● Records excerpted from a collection
────

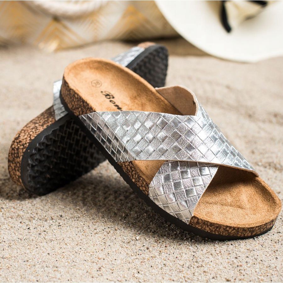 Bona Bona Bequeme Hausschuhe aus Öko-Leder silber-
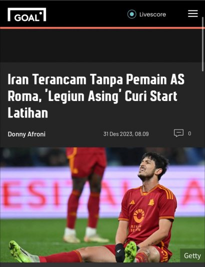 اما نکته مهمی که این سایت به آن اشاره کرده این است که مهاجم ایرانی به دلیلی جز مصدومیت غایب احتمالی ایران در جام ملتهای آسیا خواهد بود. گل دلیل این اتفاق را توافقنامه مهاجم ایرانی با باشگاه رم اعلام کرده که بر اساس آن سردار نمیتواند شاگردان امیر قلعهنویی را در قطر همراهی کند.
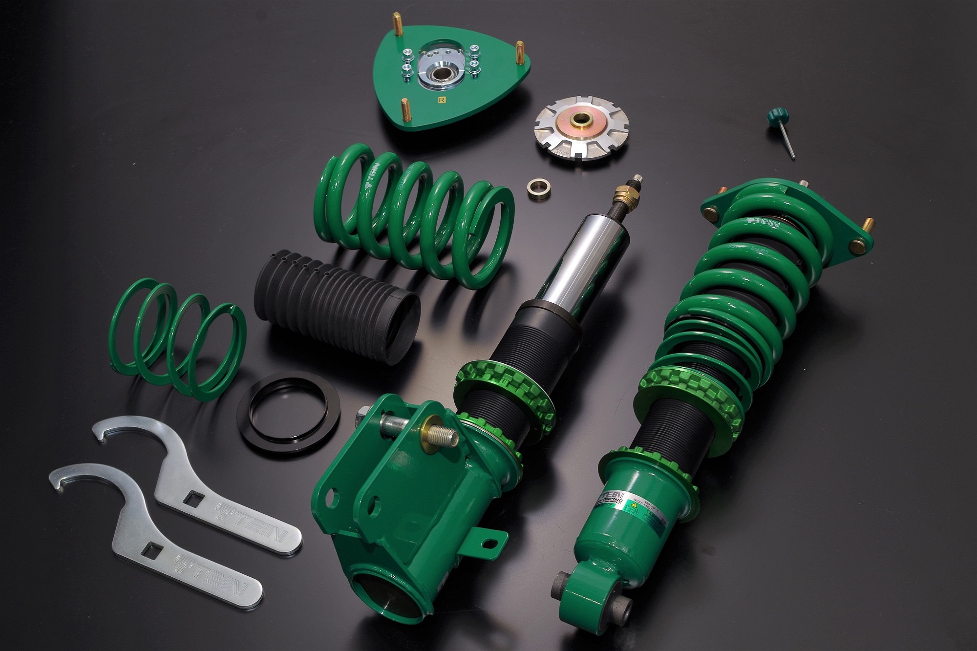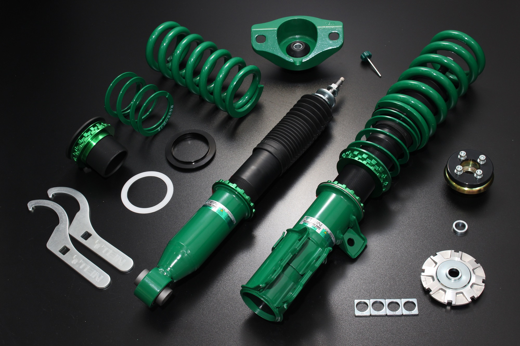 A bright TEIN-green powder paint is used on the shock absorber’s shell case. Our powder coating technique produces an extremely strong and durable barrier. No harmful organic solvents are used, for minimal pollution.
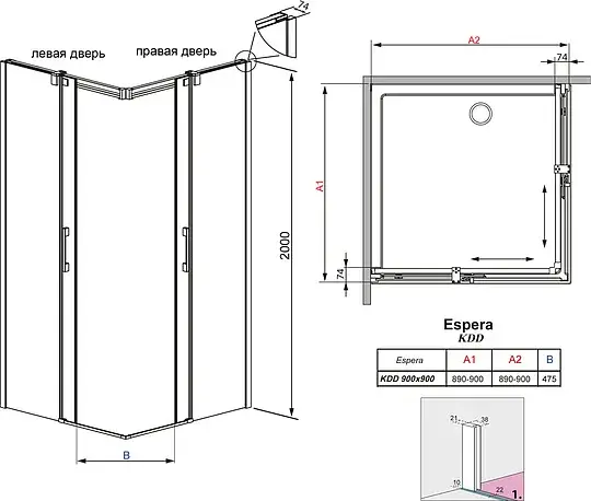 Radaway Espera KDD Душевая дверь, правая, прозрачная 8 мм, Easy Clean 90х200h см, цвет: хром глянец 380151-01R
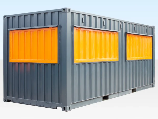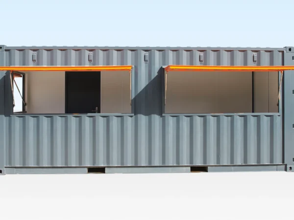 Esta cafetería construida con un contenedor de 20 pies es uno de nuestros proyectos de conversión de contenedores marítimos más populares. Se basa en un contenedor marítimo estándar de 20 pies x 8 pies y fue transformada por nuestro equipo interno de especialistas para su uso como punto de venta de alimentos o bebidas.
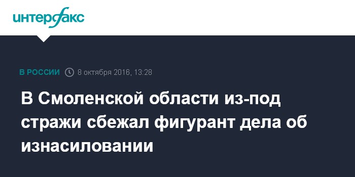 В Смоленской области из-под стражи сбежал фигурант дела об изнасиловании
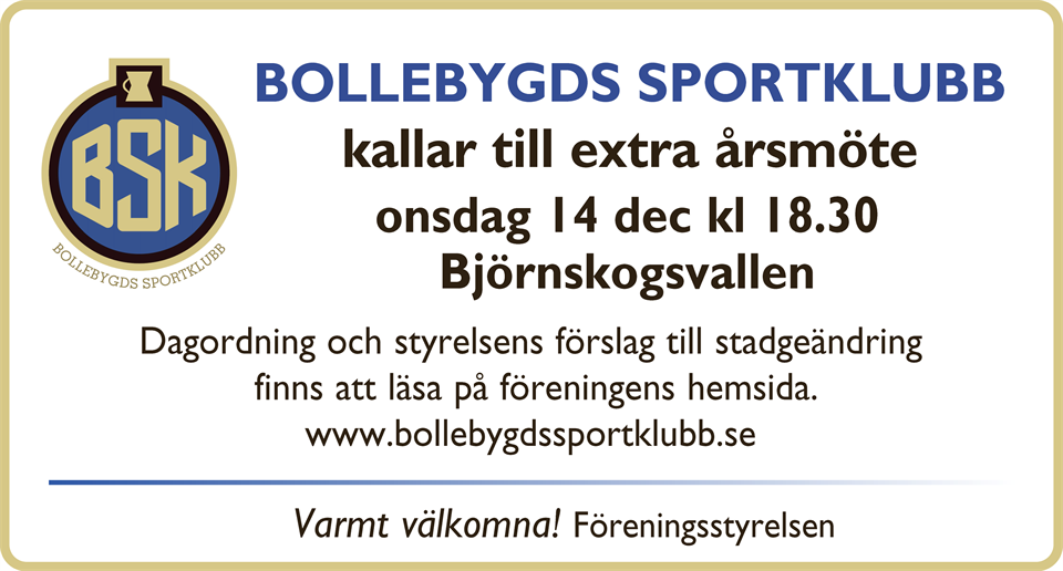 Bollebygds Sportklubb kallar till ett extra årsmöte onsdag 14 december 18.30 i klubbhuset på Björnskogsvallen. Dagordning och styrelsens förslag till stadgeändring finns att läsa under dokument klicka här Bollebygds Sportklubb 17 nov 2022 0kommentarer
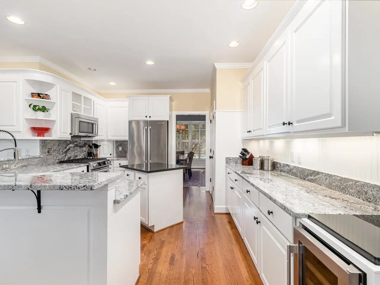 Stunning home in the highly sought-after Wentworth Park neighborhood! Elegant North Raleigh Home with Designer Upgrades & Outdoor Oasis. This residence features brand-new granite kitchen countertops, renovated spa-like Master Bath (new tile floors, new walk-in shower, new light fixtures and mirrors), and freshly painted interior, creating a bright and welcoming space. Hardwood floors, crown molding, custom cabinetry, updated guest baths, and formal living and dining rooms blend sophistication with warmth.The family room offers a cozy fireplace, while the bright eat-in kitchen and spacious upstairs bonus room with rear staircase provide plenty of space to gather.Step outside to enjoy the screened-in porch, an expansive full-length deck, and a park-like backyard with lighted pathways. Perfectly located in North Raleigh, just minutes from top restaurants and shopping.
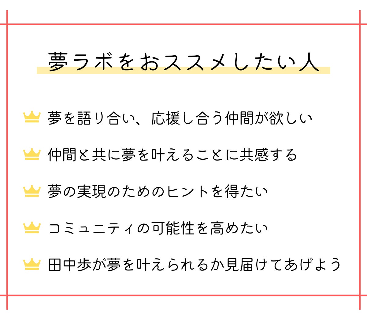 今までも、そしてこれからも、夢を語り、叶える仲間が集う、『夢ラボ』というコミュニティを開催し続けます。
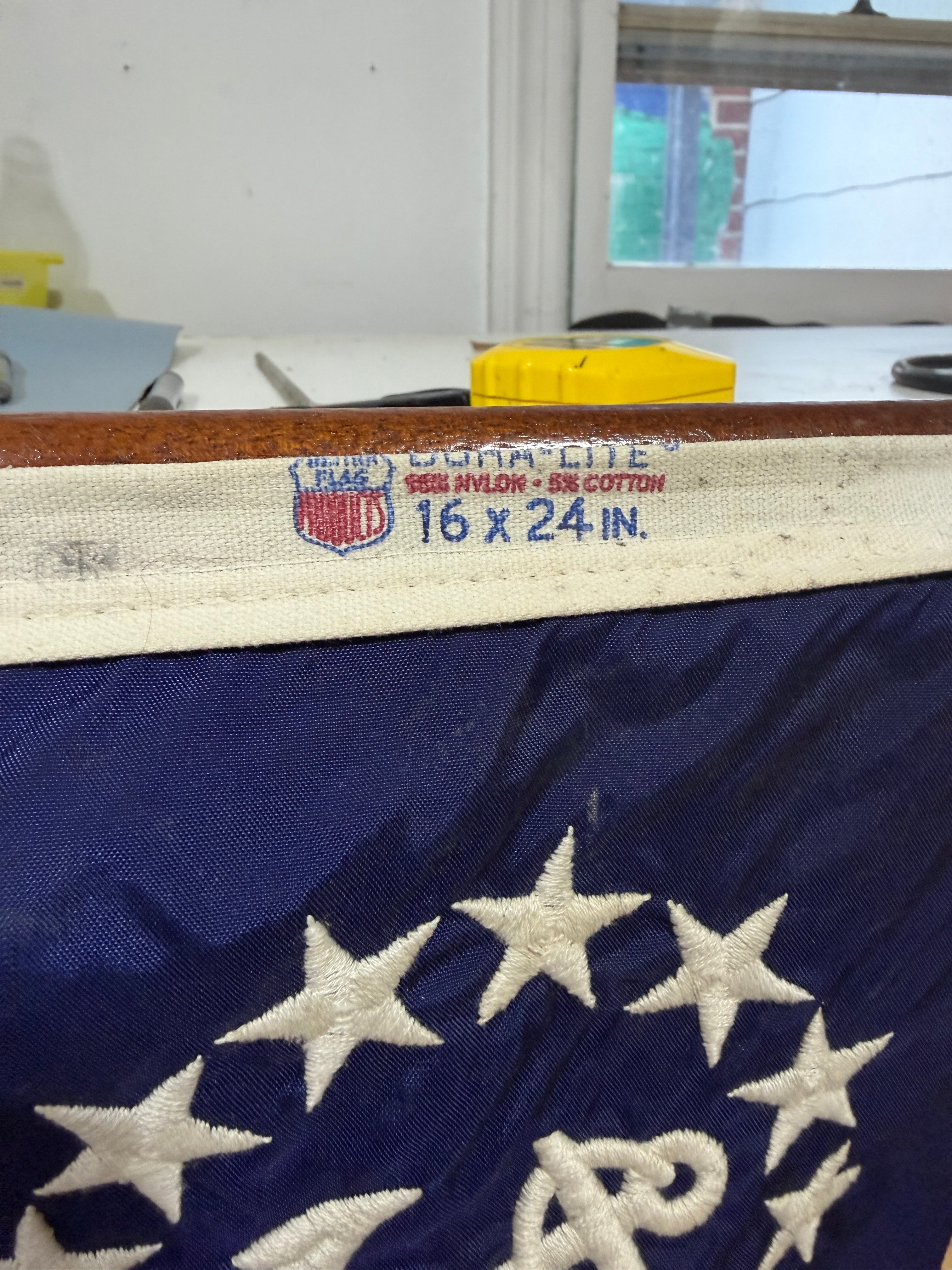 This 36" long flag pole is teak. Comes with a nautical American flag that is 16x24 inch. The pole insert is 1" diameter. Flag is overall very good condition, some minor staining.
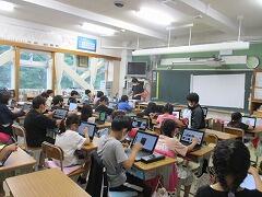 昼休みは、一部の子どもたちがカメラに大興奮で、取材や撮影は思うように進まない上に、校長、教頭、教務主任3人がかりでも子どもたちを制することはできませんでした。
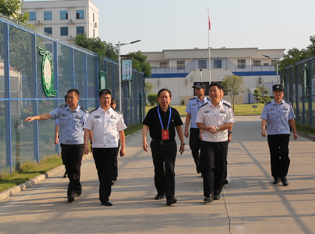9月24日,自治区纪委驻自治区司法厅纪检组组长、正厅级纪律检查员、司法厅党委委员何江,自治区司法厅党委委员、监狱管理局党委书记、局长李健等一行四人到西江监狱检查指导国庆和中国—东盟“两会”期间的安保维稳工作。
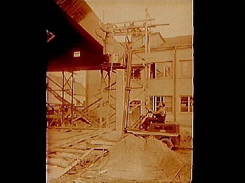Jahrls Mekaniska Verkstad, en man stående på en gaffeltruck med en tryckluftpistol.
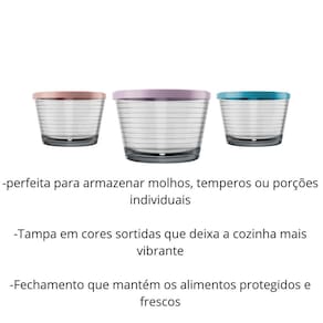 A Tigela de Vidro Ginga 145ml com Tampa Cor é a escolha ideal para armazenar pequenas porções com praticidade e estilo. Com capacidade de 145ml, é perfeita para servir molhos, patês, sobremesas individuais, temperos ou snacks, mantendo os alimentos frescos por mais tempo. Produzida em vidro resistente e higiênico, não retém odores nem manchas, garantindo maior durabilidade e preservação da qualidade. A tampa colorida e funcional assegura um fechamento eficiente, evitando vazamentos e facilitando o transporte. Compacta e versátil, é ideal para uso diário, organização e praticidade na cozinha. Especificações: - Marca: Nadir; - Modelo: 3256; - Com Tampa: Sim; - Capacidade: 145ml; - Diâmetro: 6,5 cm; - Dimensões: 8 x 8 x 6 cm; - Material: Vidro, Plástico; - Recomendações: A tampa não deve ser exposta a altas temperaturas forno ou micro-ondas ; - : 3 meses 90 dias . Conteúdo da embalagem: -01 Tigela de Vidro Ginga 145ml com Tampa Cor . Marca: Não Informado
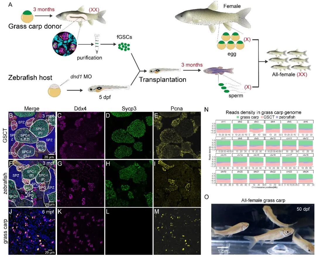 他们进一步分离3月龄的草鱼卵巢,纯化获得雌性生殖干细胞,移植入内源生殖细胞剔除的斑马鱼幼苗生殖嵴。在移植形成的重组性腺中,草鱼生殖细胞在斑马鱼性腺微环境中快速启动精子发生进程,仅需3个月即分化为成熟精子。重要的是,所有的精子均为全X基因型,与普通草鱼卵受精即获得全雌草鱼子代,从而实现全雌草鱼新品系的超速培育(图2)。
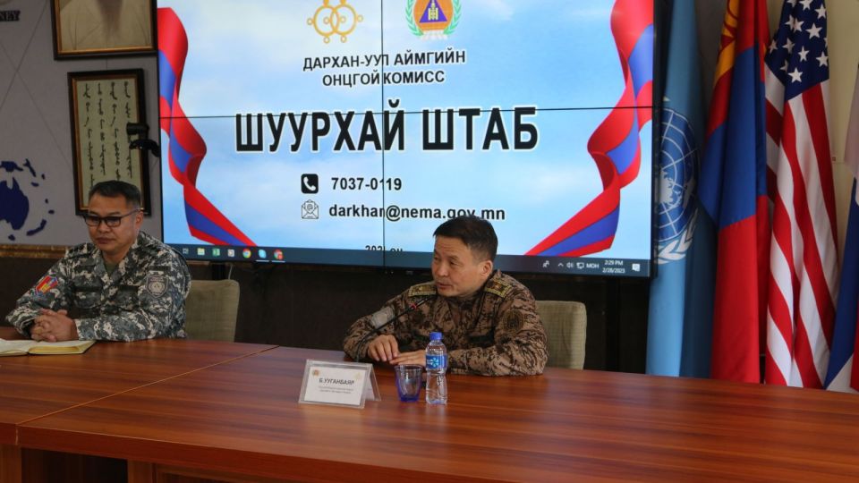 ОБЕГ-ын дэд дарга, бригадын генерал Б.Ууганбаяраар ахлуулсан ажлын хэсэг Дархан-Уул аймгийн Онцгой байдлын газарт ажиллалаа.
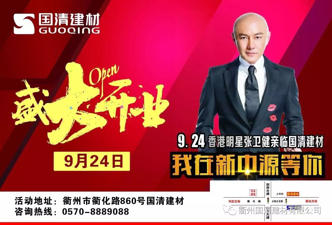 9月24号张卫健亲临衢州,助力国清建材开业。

────

● TASK ITEM
The reply should hold only the lines running from the top of the records to the line containing "اما نکته مهمی", both included, copied exactly with no pictures.

● THE COMPLETED TASK
 Bona Bona Bequeme Hausschuhe aus Öko-Leder silber-
 اما نکته مهمی که این سایت به آن اشاره کرده این است که مهاجم ایرانی به دلیلی جز مصدومیت غایب احتمالی ایران در جام ملتهای آسیا خواهد بود. گل دلیل این اتفاق را توافقنامه مهاجم ایرانی با باشگاه رم اعلام کرده که بر اساس آن سردار نمیتواند شاگردان امیر قلعهنویی را در قطر همراهی کند.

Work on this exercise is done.